Non solo, data una simile problematica nozione di contenuto sono condotti a distinguere una varietà di contenuti che differiscono in natura – contenuto rappresentazionale vs fenomenico. Una distinzione che Dennett, così come la semiotica, non è costretto a fare. Non c'è niente di più, niente di sopravveniente rispetto alle molteplici discriminazioni, che sono poi altrettanti giudizi2,

continuamente compiute dal sistema cognitivo, e più o meno coscienti a seconda del peso politico che riusciranno a ottenere – in base a pregnanza biologica, salienza contestuale, storia individuale delle pertinenze, obiettivi della pratica in corso... Allo stesso modo, in Peirce, non c'è genere di cognizione, sensazioni ed emozioni comprese, che non sia riconducibile ad una medesima forma comune, quella dell'inferenza valida; e come vedevamo nel secondo capitolo il qualitativo era inteso differire soltanto in grado dal quantitativo, essendo nient'altro che una discriminazione meno fine, più binaria e discreta – da cui il riconoscimento di una maggiore sensibilità alla parte non cosciente della mente3.

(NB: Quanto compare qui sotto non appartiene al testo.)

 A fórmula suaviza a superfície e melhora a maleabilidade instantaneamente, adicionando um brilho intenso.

2 Cfr. CP 7.629: p. 374, “Telepathy and Perception”, 1903, traduzione mia: “Il giudizio percettivo, allora, non soddisfa abbastanza accuratamente la condizione di costringimento né quella di irrazionalità, come dovrebbe per aver giusto titolo ad essere considerato un prodotto della percezione. Ma le differenze sono così minuscole e così logicamente non importanti che converrà trascurarle. Forse mi si potrebbe dare il permesso di inventare il termine percipuum per includere sia il percetto che il giudizio percettivo”: il solo percetto, infatti, mancherebbe di quella categoria della Terzità che, come le altre due del resto, è necessaria al dispiegarsi di qualsivoglia esperienza.

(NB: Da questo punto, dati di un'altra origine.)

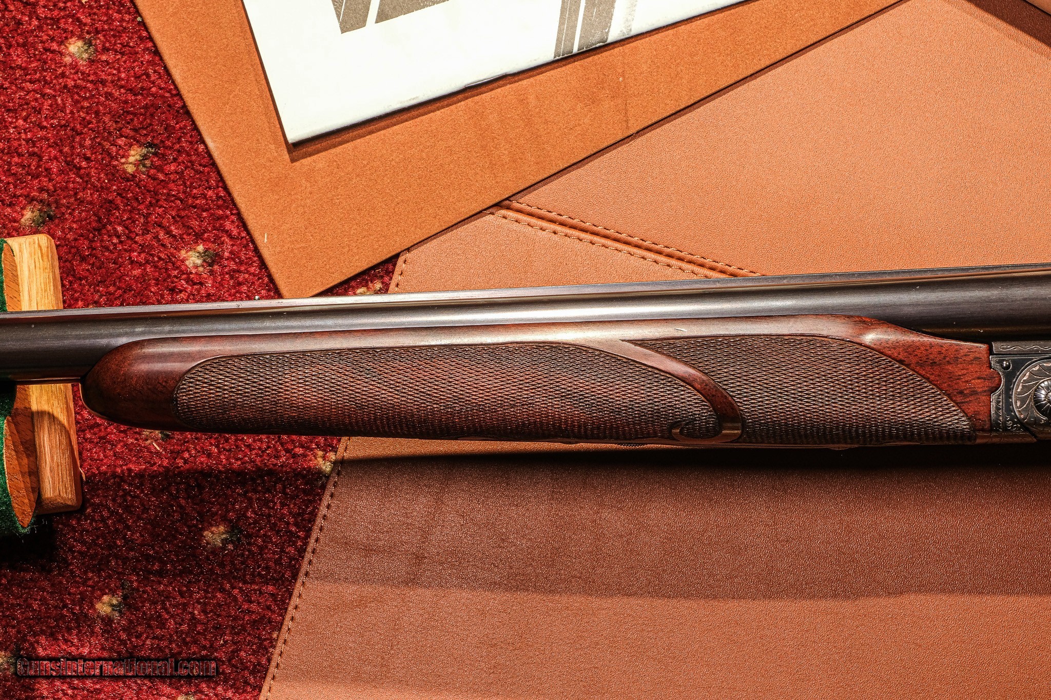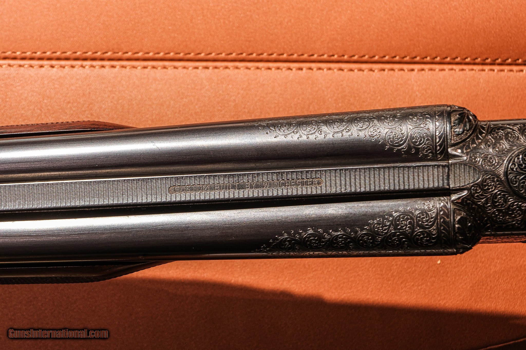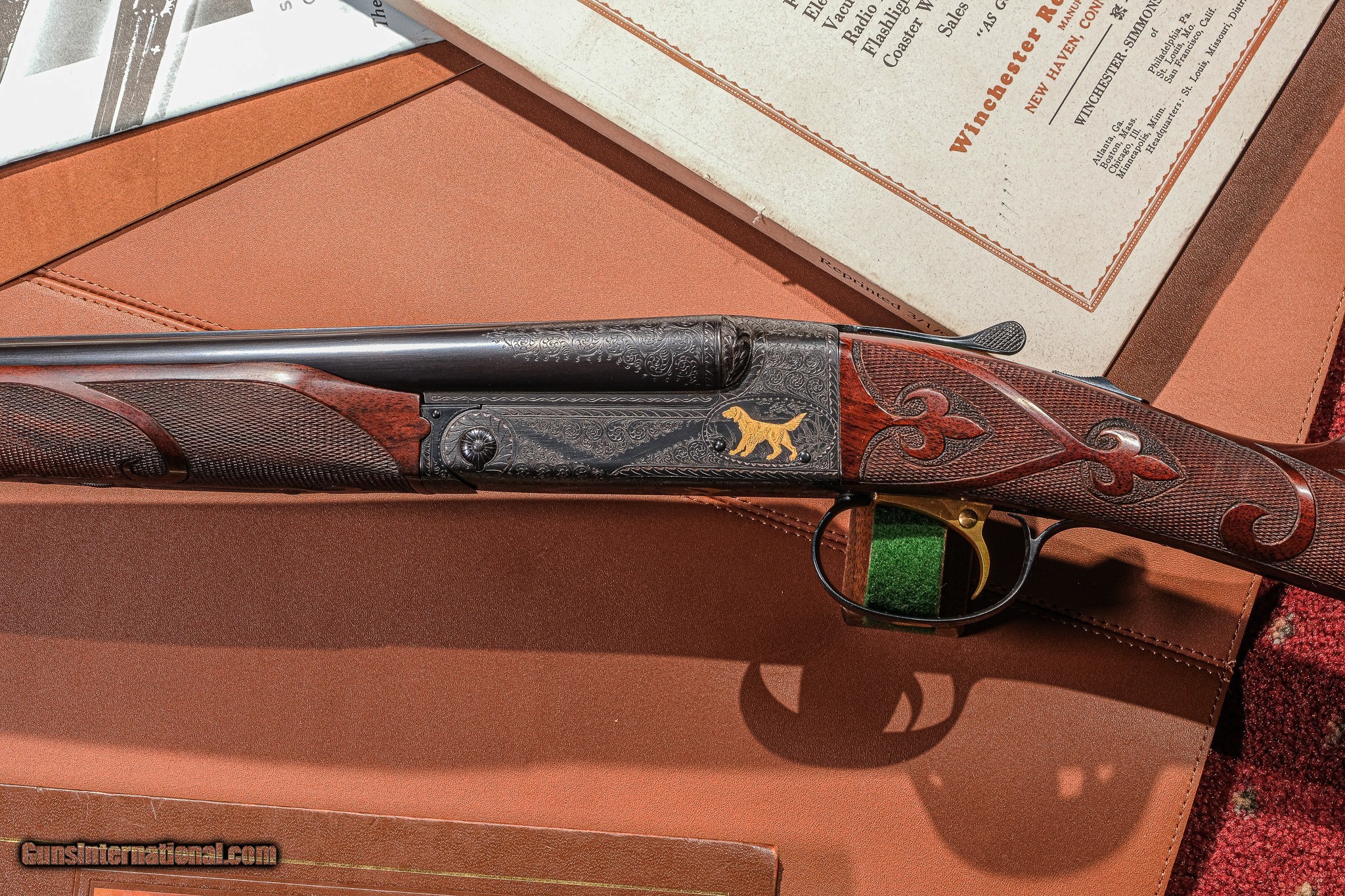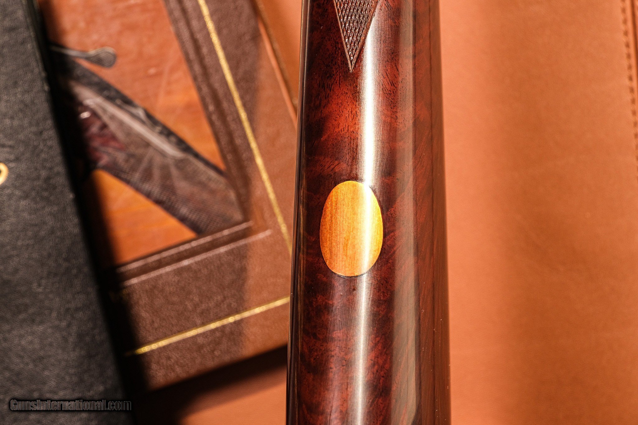 1st set of barrels, 20ga. 26” matted rib barrel, marked custom built by Winchester and choked WS1/WS2. Second set, 28ga. 26” matted rib barrel, marked custom built by Winchester and choked WS1/WS2. Third barrel. 410 26” matted rib barrel, marked custom built by Winchester and choked WS1/WS2. B carved stock, two forends. Jeweled water table, barrel flats, and forend iron. Engraving performed by Nick Kusmit. Straight grip, checkered butt. Heavily figured feather crotch. Ebony forend tips, perfect checkering. Gun is brand new and appears unfired. We believe this gun was sent back and upgraded by Winchester. We serviced this gun over twenty years ago and it is just an outstanding piece of craftsmanship. Warrantied for life to the original owner courtesy of Connecticut Shotgun.

3 Come già evidenziato nei due scorsi capitoli, le affinità tra teoria dennettiana e peirciana sono numerose: rispetto alla coscienza, in particolare, l'impossibilità di stabilire un punto o una linea d'arrivo che possa decidere in maniera assolutamente indipendente dalle disposizioni a reagire, dagli abiti che comporta, cosa è cosciente e cosa non lo è, corrisponde perfettamente al suo necessario svolgersi in un tempo tecnicamente continuo su cui vedevamo, in 2.3, insistere Peirce. E dato che, secondo Peirce, “Dire […] che il pensiero non può avvenire in un istante, ma richiede tempo, è un altro modo per dire che ogni pensiero dev'essere interpretato in un altro pensiero, ovvero che ogni pensiero è in segni” (CP 5.253: trad.